In this work we introduce an open source suite of quantum application-oriented performance benchmarks that is designed to measure the effectiveness of quantum computing hardware at executing quantum applications. These benchmarks probe a quantum computer's performance on various algorithms and small applications as the problem size is varied, by mapping out the fidelity of the results as a function of circuit width and depth using the framework of volumetric benchmarking. In addition to estimating the fidelity of results generated by quantum execution, the suite is designed to benchmark certain aspects of the execution pipeline in order to provide end-users with a practical measure of both the quality of and the time to solution. Our methodology is constructed to anticipate advances in quantum computing hardware that are likely to emerge in the next five years. This benchmarking suite is designed to be readily accessible to a broad audience of users and provides benchmarks that correspond to many well-known quantum computing algorithms.

Paper Structure

This paper contains 39 sections, 17 equations, 37 figures, 2 tables, 1 algorithm.

Figures (37)

  • Figure 1: Quantum Application-Oriented Performance Benchmarks. The results of executing our quantum application-oriented performance benchmarking suite on a simulator of a noisy quantum computer, with results split into benchmarks based on three loose categories of algorithm: tutorial, subroutine, and functional. For each benchmark, circuits are run for a variety of problem sizes. This typically correspond to the circuit's width, i.e., the number of qubits it acts on, which here range from 2 to 12 qubits. The result fidelity, a measure of the result quality, is computed for each circuit execution, and is shown as a colored square positioned at the corresponding circuit's width and normalized depth. Results for circuits of equal width and similar depth are averaged together.

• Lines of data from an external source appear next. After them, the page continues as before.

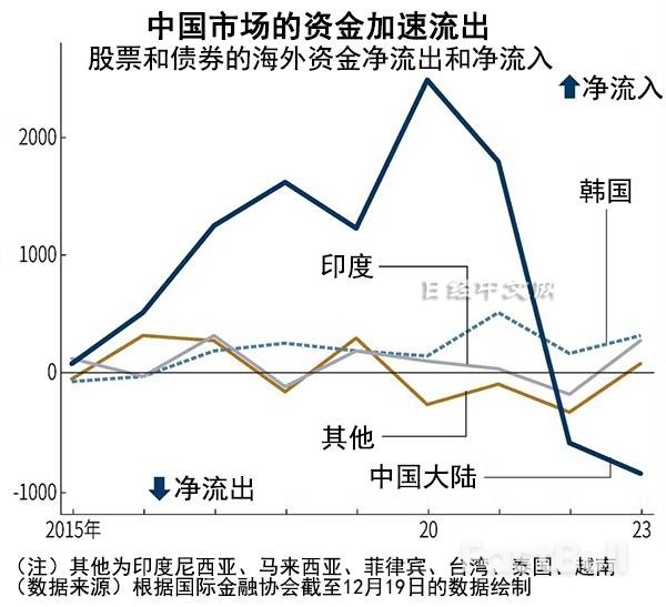 根据世界400家金融机构加入的国际金融协会(IIF)的数据进行计算,关于海外投资者的股票和债券市场的资金净流出及净流入,2023年的中国截至12月19日净流出845亿美元。与2022年相比,流出额增加了44%。
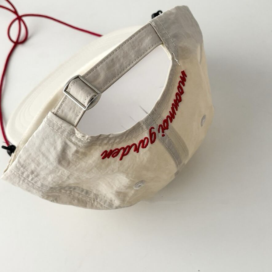 あご紐付きで、風の強い日でも安心してかぶることができますし、取り外しも可能なのでお好みに合わせて使えます。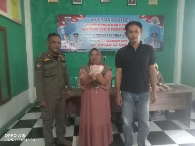 Pandeglang, Banten//propamnewstv.id — Masyarakat Desa Harapankarya, Kecamatan Pagelaran, Kabupaten Pandeglang, tampak bahagia menyambut pencairan bantuan Program Keluarga Harapan (PKH) yang dilaksanakan di Kantor Desa Harapankarya, Senin (10/11/2025).

The results of the application-oriented benchmarks are shown on top of a 'volumetric background' (grey-scale squares). Here and throughout this paper, except where stated, this volumetric background is a heuristic extrapolation of a device's quantum volume (here, 32) to predict the region in which a circuit's result fidelity will be above $1/2$ (the grey squares). Note that this extrapolation is not expected to always be accurate (see discussion in main text) but it is nevertheless useful. This is because any deviations between the performance of the algorithmic benchmarks and the prediction of the volumetric background signify that, for the processor in question, the performance of these algorithms is difficult to predict from the processor's quantum volume alone.
  • Figure 2: An example of component-level performance metrics. The component-level performance metrics provided by Amazon Braket for the IonQ Quantum Processing Unit.
  • Figure 3: An example of component-level performance metrics. The component-level performance metrics provided by Google for its Weber device.
  • Figure 4: Quantum volume examples. The number of qubits and the quantum volume for a selection of IBM Q machines, accessed via IBM Quantum Services.
  • Figure 5: An example of volumetric benchmarking. Volumetric benchmarking results for a hypothetical 12-qubit quantum computer, whereby a quantum computer's performance on some family of circuits is mapped out as a function of circuit width and depth. This example uses a binary measure of performance: grey and white squares show the circuit shapes at which the test circuits succeeded and failed, respectively, according to this metric. The location of the quantum volume circuits, that would be used to extract the quantum volume, are shown in bold. Here and throughout, 'depth' for all circuits is defined with respect to a particular standardized gate set, and in this gate set the quantum volume circuits are not square.